Magnesium-Rich Foods
Magnesium helps regulate the release of norepinephrine and other neurotransmitters.
- Dark leafy greens (spinach, kale)
- Pumpkin seeds
- Almonds
- Avocados
- Quinoa
Omega-3 Fatty Acids
Omega-3s protect nerve cells and optimize neurotransmitter function.
- Salmon
- Chia seeds
- Flaxseeds
- Walnuts
Iron-Rich Foods
Iron deficiency can lead to fatigue and cognitive difficulties, which are common in those with ADHD.
- Spinach
- Lentils (cooked, stored in the fridge)
Fermented Foods
Gut health is closely linked to neurotransmitter production.
- Sauerkraut
- Kimchi
- Yogurt (with live cultures)
Dark Chocolate
It contains small amounts of tyrosine and promotes the release of dopamine and norepinephrine.

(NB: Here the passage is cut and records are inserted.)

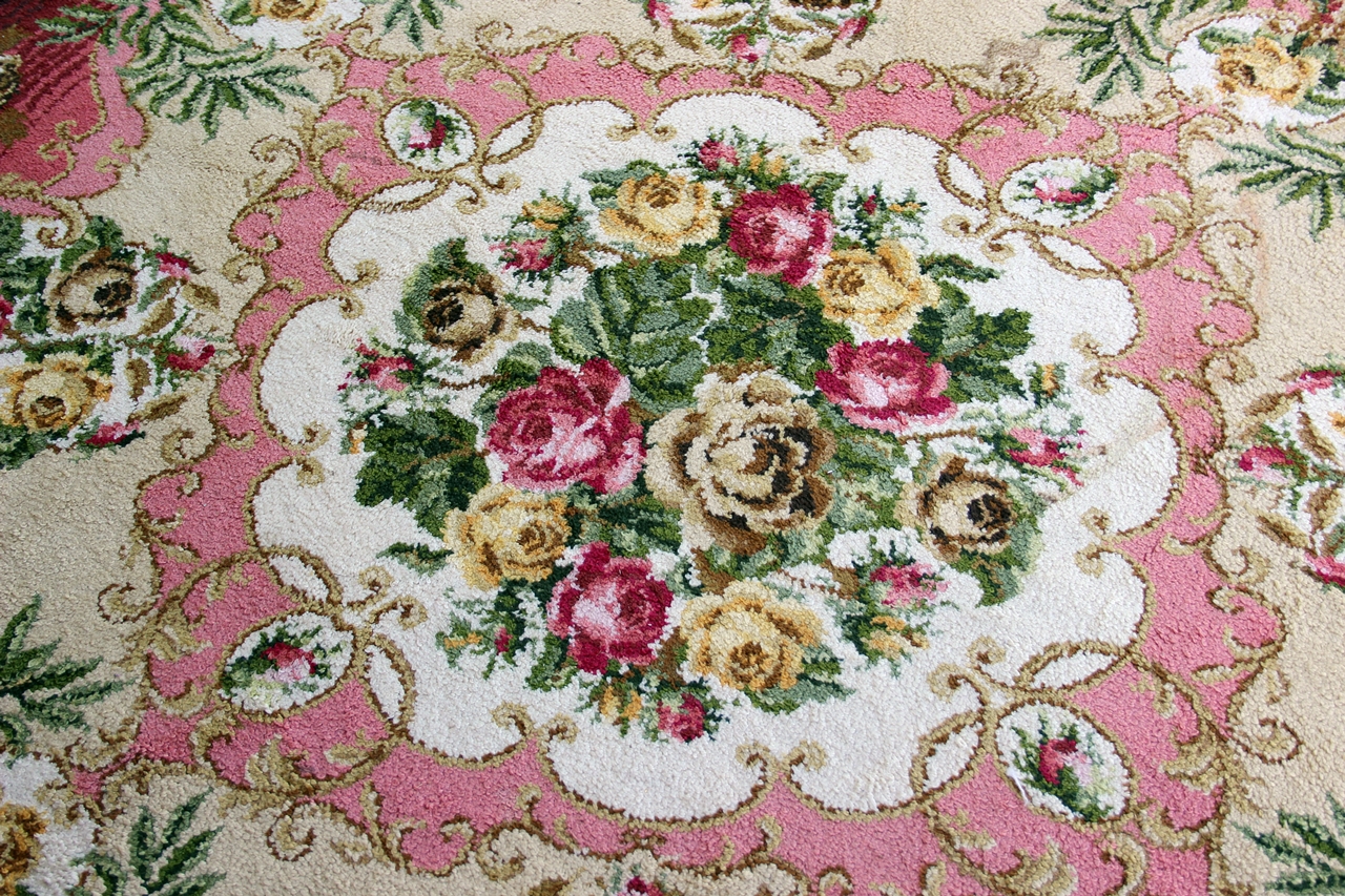 Geduld und Ausdauer für später. Denn da habe ich (ca. vor 25 Jahren) einen großen Teppich geknüpft. Da gab es natürlich eine Vorlage und bereits geschnittene Schurwolle-Fäden. Der Teppich hat einen Durchmesser von 2,30 m. Er liegt seit Jahren in unserem Wintergarten und macht uns warme Füße.
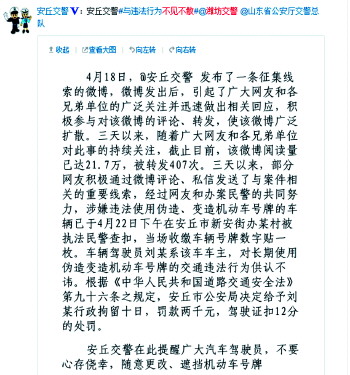 记者了解到,今年4月18日,安丘交警就曾发布微博向违法篡改号牌的车主喊话“不见不散”,引众多网友关注。而后,潍坊公安局交警支队、山东省公安厅交警总队的官方微博接连转发安丘交警微博信息,不久后,该车车主被警方找到,并进行了处罚。
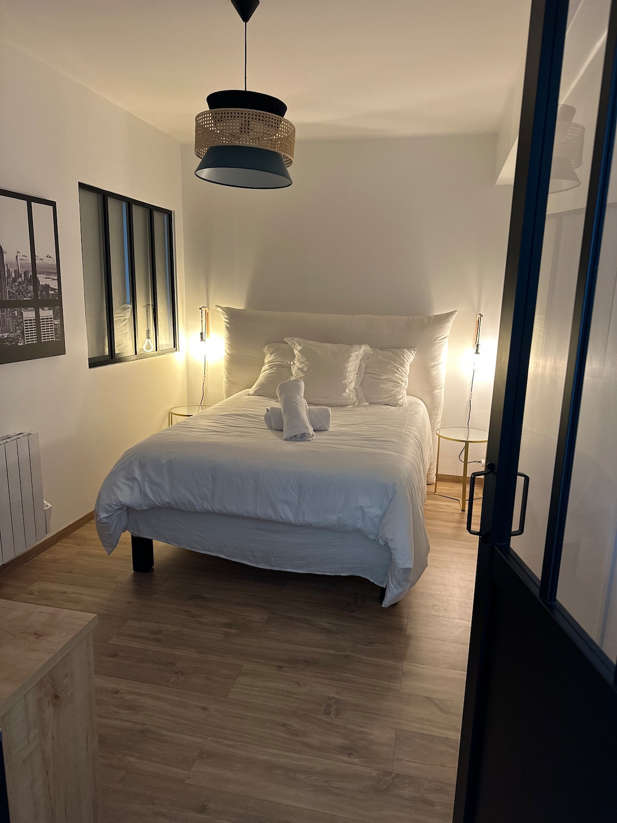 Enjoy our studio with south-facing balcony and Balnéo bathtub at the Marina. It is equipped with a real 160 x 200 bed with linen sheets, Wi-Fi, connected TV, equipped kitchen with dishwasher, organic coffee machine with grinder, organic tea and soda stream, 1 free bottle of fresh local cider, Wi-Fi. Relaxation guaranteed in the bathroom equipped with a spa bath for one person. The toilet is separate. Free parking is available at the foot of the building.

- 70% cacao dark chocolate (in moderation)
Complex Carbohydrates
Complex carbs provide steady energy and prevent sugar crashes that affect mood and focus.
- Quinoa
- Sweet potatoes
- Whole grain bread (store in the fridge to keep fresh longer)
- Berries (low-glycemic fruit for sustained energy)
Lion’s Mane
This mushroom is a neuro-enhancer, supporting cognitive function, including memory, focus, and mental clarity.